The fashion industry today has the responsibility to stimulate concrete actions and find solutions capable of accelerating change, also rethinking production methods and the use of resources,” he said Marie-Claire Daveu, chief Sustainability and Institutional Affairs Officer of Kering —. The creation of the Circular Hub is an important milestone and was born to pursue this goal. a source of pride for me that the hub was born in Italy, home to some of the most important and renowned production centers and the know-how of the group. The collaboration with Gucci, continues Daveu, has given birth to the new Circular Hub and bears witness not only to a strong community of objectives within the Group but also to an ambitious example which, in the logic of open source, wants to be an invitation open to other realities to join in this process.
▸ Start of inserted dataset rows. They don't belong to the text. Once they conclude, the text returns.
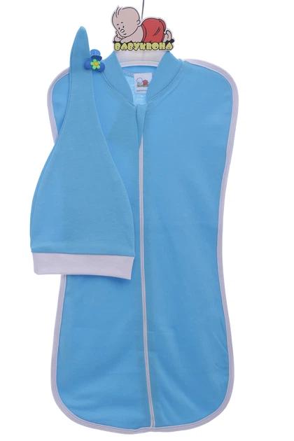 Євро-пелюшка з шапкою для хлопчика інтерлок Babykroha ніжно блакитний 62 см (54595)
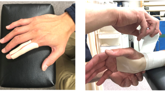 特に外傷においては固定が必要な場合が多く、受傷初期にしっかりとした固定を行うことは痛みの軽減や組織の回復を早め、結果的にスポーツ復帰を早めます。
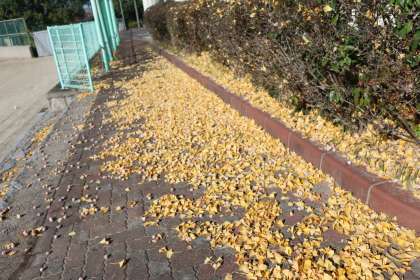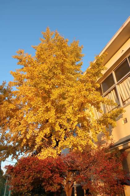 朝日に照らされ黄金色に輝くイチョウの木。地面に目をやるとイチョウの葉が黄色のじゅうたんをつくり始めています。落ち葉はきという活動も大切ですが、心が癒されるこうした風景をしばらくは残していきたいでものです。
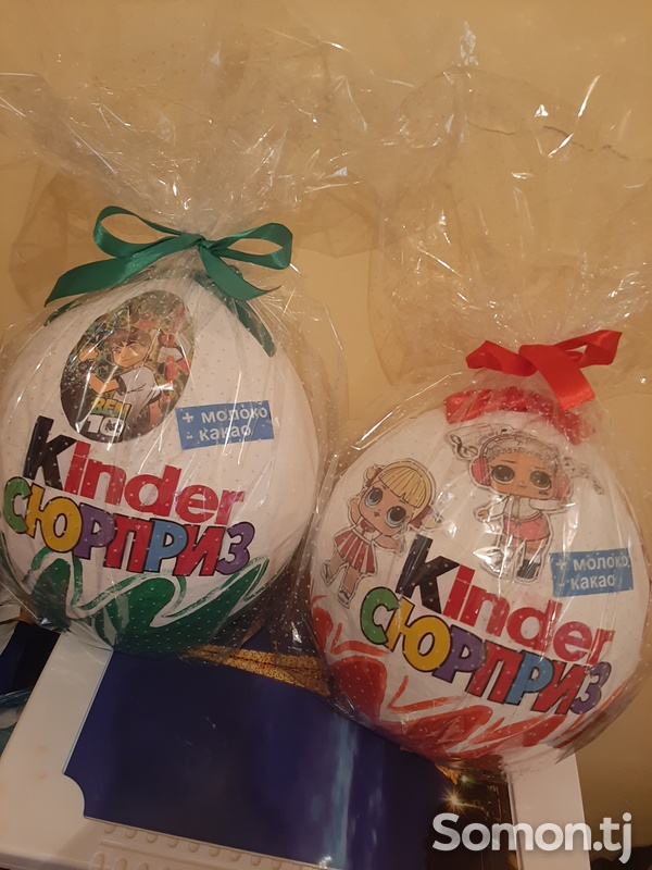 Очень много предложений по изготовлению необычной подарочной упаковки "Большой Киндер". Предлагаются разные размеры от 20 см до 50 см. Срок изготовления киндера до 4 дней, заказать можно через Viber по номеру 93 3290770. Стоимость от 65 сомони.
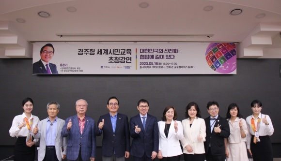[오마이경주/경주시민신문=김경미기자] 동국대 WISE캠퍼스는 지난 16일 동국대 WISE캠퍼스 원효관 글로벌에이스홀에서 경주시 후원으로 윤은기 한국협업진흥협회 회장(전 중앙공무원교육원장)을 초청해 “경주형 세계시민교육 초청강연”을 개최했다.
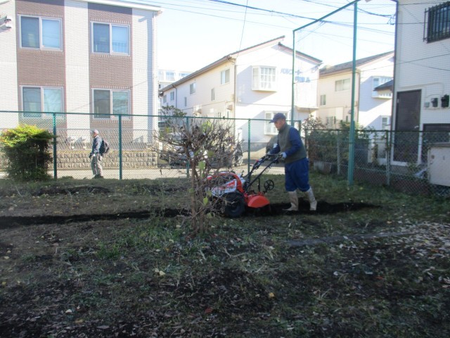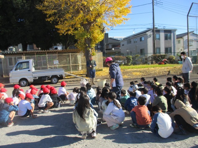 昨年度から始めたものに「腐葉土づくり」があります。けやきなどの落ち葉や米ぬかを入れて、時折かき混ぜてきました。立派な腐葉土が出来上がりました。この腐葉土を来年の畑づくりをする場所に撒くことを、1年生がします。今回もけやきの落ち葉を近くの皆さんからいただきました。イチョウの葉っぱが入ってはいけません。土作りの大切さや自然の素晴らしさを、1年生なりに感じているでしょうか。子供たちがまんべんなく撒いた後は、耕運機で混ぜました。
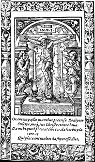 Description: A rendering of the Crucifixion as an altar cross. Two candles rest on the altar, and two angels stand by the sides. Below the image is written, “Praying with outstretched hands, the precious Redeemer ….” Above the cross are the initials INRI, which stand for Jesus of Nazareth, King of the Jews.
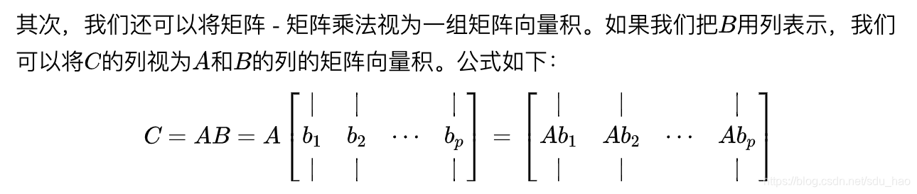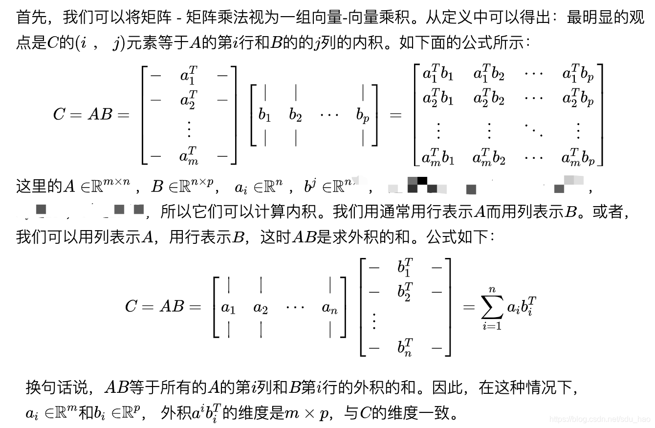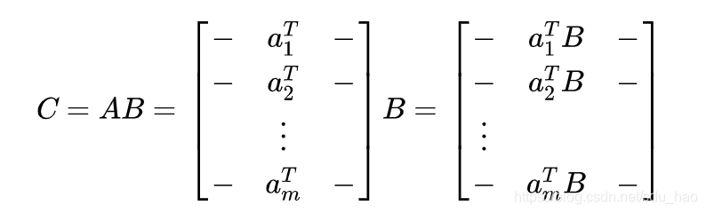 同理,矩阵C的第i行可以由矩阵A的第i行和矩阵B通过矩阵-向量乘积运算得到:
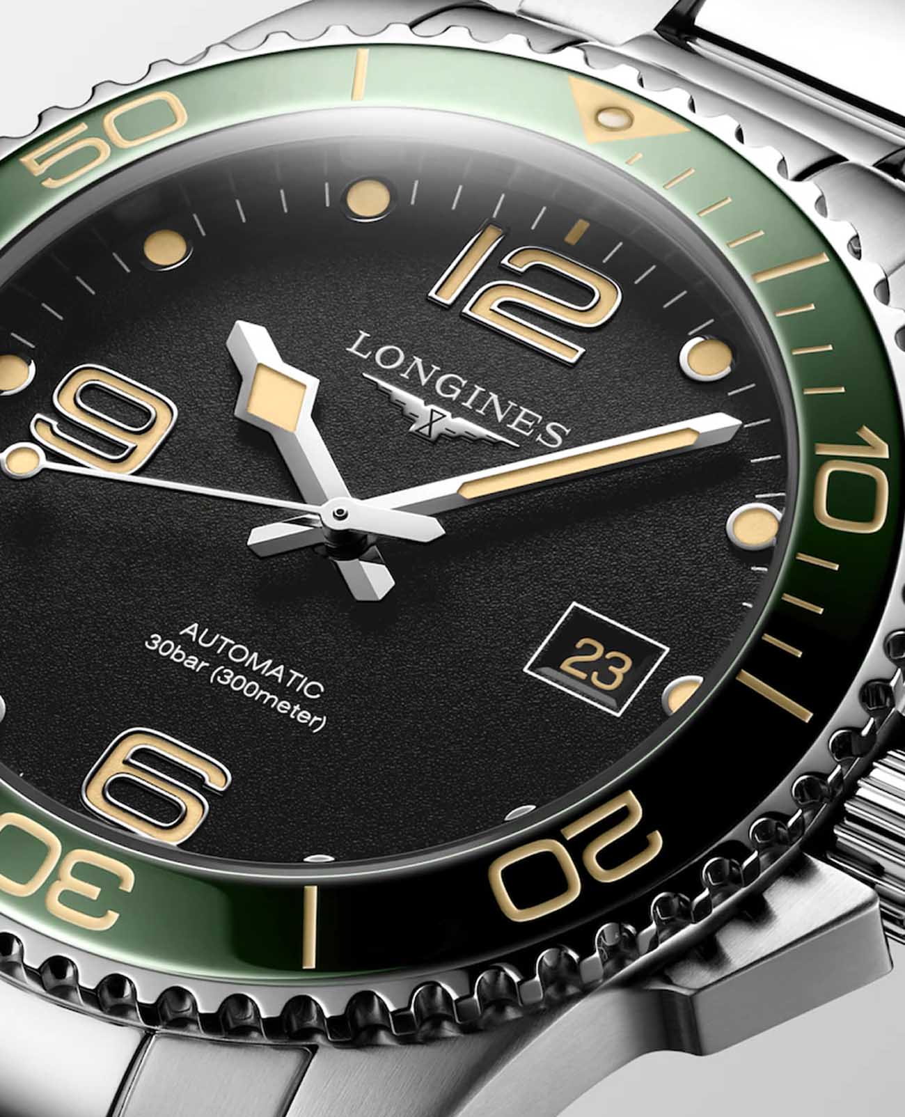 Часы Longines HydroConquest (артикул L37814056) сочетают элегантность с высокими техническими характеристиками, характерными для дайверских моделей. Корпус диаметром 41 мм выполнен из нержавеющей стали с водозащитой до 30 бар (300 метров). Однонаправленный вращающийся безель из , завинчивающиеся заводная головка и задняя крышка подчёркивают надёжность. Чёрный циферблат с солнечным узором оснащён накладными арабскими цифрами и индексами с люминесцентным покрытием Swiss Super-LumiNova®Люминесцентное покрытиеПозволяет считывать показания времени в темноте. Производители наносят на стрелки, часовые индексы, безель или поверхность циферблата светонакопительный состав, дающий холодное свечение., стрелками с люминесцентным покрытиемЛюминесцентное покрытиеПозволяет считывать показания времени в темноте. Производители наносят на стрелки, часовые индексы, безель или поверхность циферблата светонакопительный состав, дающий холодное свечение., а также окошком даты в положении «3 часа». Циферблат защищён сапфировым стекломСапфировое стеклоПрочный и надёжный материал из кристалла сапфира синтетического происхождения, характеризующийся особой твёрдостью и устойчивостью к царапинам и повреждениям. с антибликовым покрытием.
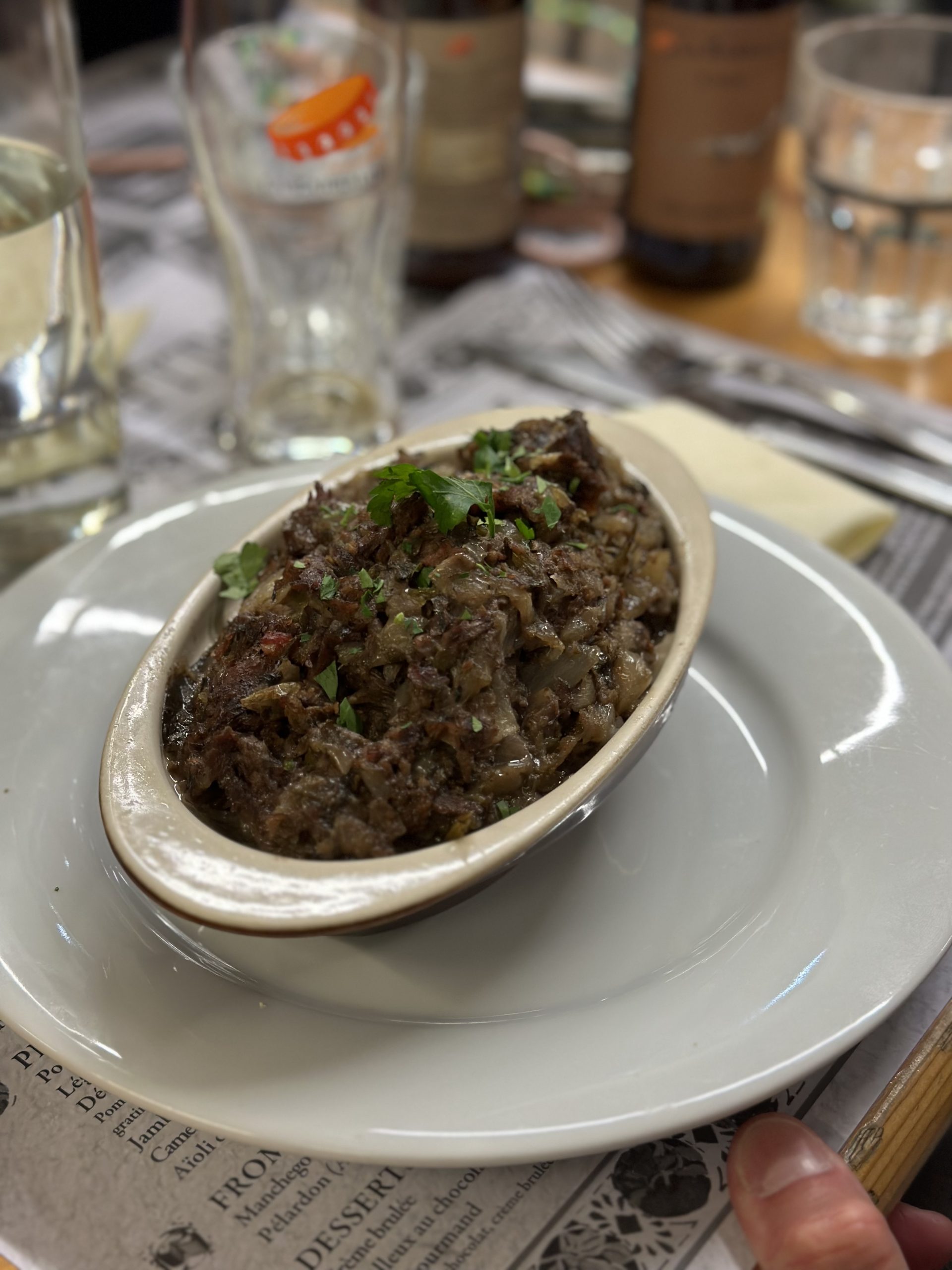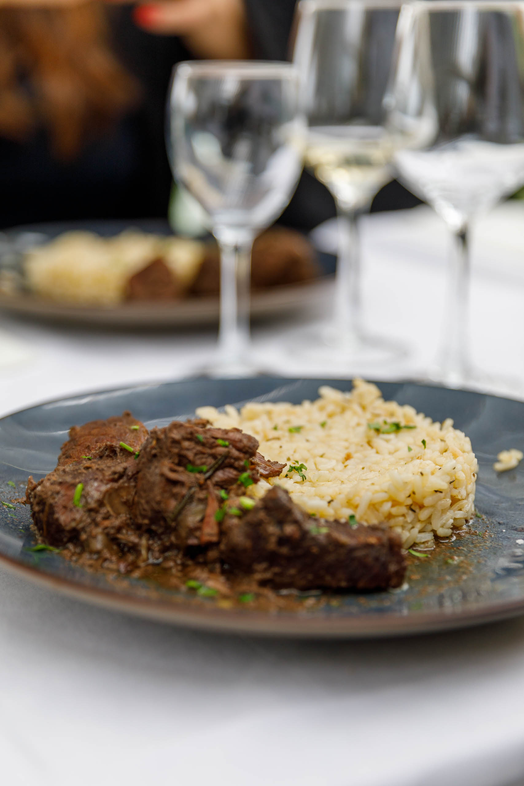 • Pour le déjeuner nous nous sommes rendus à quelques mètre de là au restaurant Le Ciel de Nîmes situé au dernier étage du Musée d’Art Contemporain de Nîmes. Au menu: Papeton d’aubergines, gardianne de Taureau (daube camarguaise) & mousse au chocolat. Des plats bien d’ici ! Le gros plus de ce restaurant ? Sa vue imprenable sur la Maison Carrée et les toits environnants.
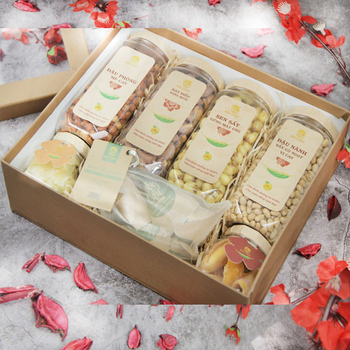 Mang đầy đủ các sắc thái hương vị khác nhau từ ngọt bùi dịu nhẹ cho đến chua cay, giòn tan vui miệng, bộ sản phẩm này sở hữu 07 loại hạt và mứt khác nhau, bao gồm: Đậu nành sấy cỏ ngọt vị cay ấn tượng (230gr), hạt sen sấy gừng mật ong bổ dưỡng (230gr), đậu phộng mè cay lạ miệng (250gr), hạt điều rang muối vỏ lụa béo bùi (250gr), xoài sấy dẻo chua ngọt (80gr), mứt gừng sấy ấm họng (80gr) và túi von mãng cầu sấy dẻo độc đáo (80gr). Ngoài ra, hãng cũng cam kết không sử dụng các chất bảo quản, chất tạo màu trong sản phẩm nên bạn có thể yên tâm chọn mua và sử dụng nhé!
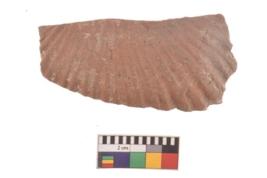 | Description / विवरण | A specimen is having rough surface with slanting lines engravings on it. It is reddish in colour. |
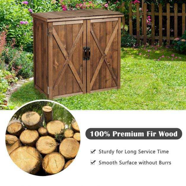 Made of high-quality fir and tightly connected by hardware, this cabinet is sturdy and not easy to fall apart. The water-based paint coating on the surface provides protection against bad weather and ensures a longer service life for the cabinet. The spacious interior space is convenient for placing tools such as kettles, shovels and water pipes. In addition, with a simple and beautiful design, this storage shed will be an ideal decoration for the garden, backyard, terrace and other places!
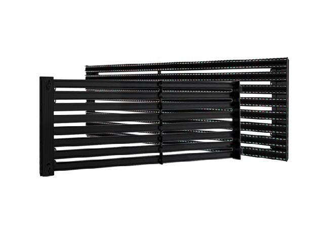 ROYAL皇家88LED格栅屏(箱体尺寸500x1000mm)是一款重量轻、结构简捷、全防水的新类型显示设备; 它的组装及其方便,由于屏体部分中空,风阻减少,并且能节省结构费用,通风率高达 60%,可紧贴墙面安装;高强度抗老化面料, IP66的防护等级,能经受任何恶劣环境考验;RGB深层灰度处理,色彩丰富油腻,画面自然流畅。适用于酒吧、剧场剧院、 多功能展示厅、咖啡厅、酒店、舞台演出、音乐厅、商业大厦、机场、车站、大型商场等场所。
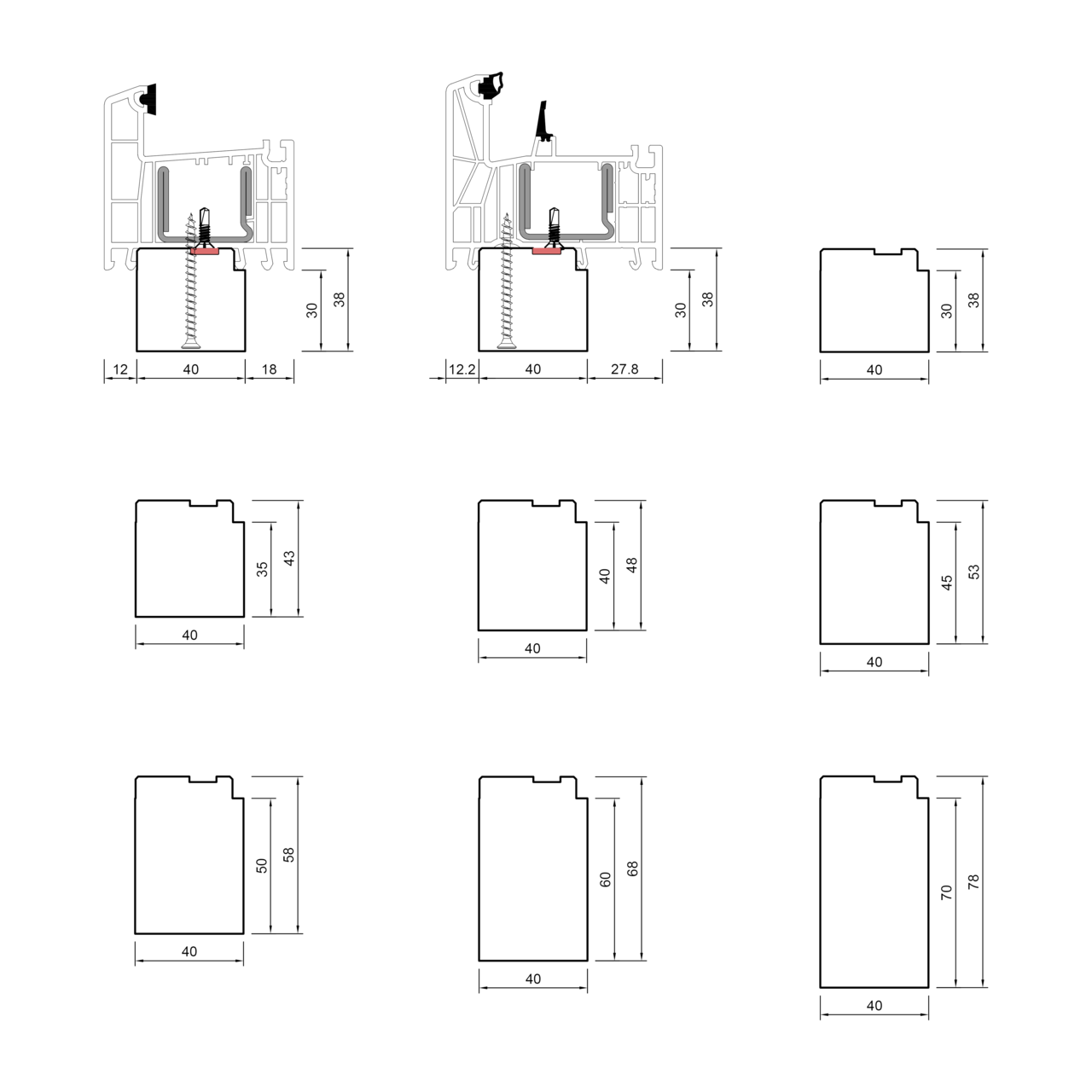 Die profilbezogenen Bankanschlussprofile für Kunststoff-, Holz- oder Aluminiumfenster sind in diversen, unterschiedlichen Formen und Höhen erhältlich.
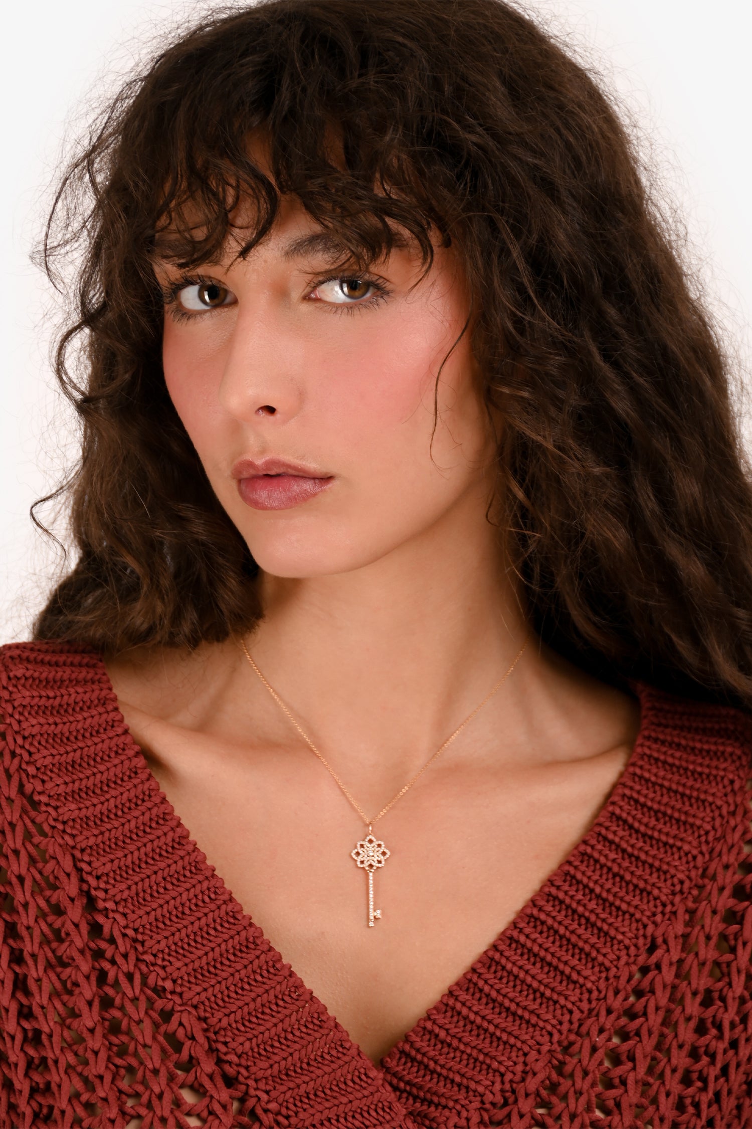 Tiffany & Co. 18K Rose Gold .34cwt Victoria Key Pendant Necklace

For Antonella Central, executive vice president, general counsel, Corporate Affairs & Sustainability of Gucci, circularity offers us a vision that involves the entire production cycle: a great challenge to make Made in Italy even stronger and more competitive. Today with Circular Hub we have the responsibility and above all the opportunity to pave the way for the luxury industry of the future – reads the press release -. By sharing the same objectives and pooling resources, know-how and synergies, the platform represents a concrete tool for enabling the entire supply chain and especially small and medium-sized enterprises, the beating heart of our country, making them an active part of the process of constant innovation that makes Italian know-how unique in the world.

The works will start in the first half of 2023, thanks to the researchers of the Kering Material Innovation Lab (MIL) in Milan and the support of technicians and product researchers for clothing, leather goods, footwear and accessories from the avant-garde centers of industrial craftsmanship and experimentation of Gucci of Scandicci and Novara. For activities related to the project, the hub will be supported by industrial partners and the scientific collaboration of the Sant’Anna School of Advanced Studies in Pisa.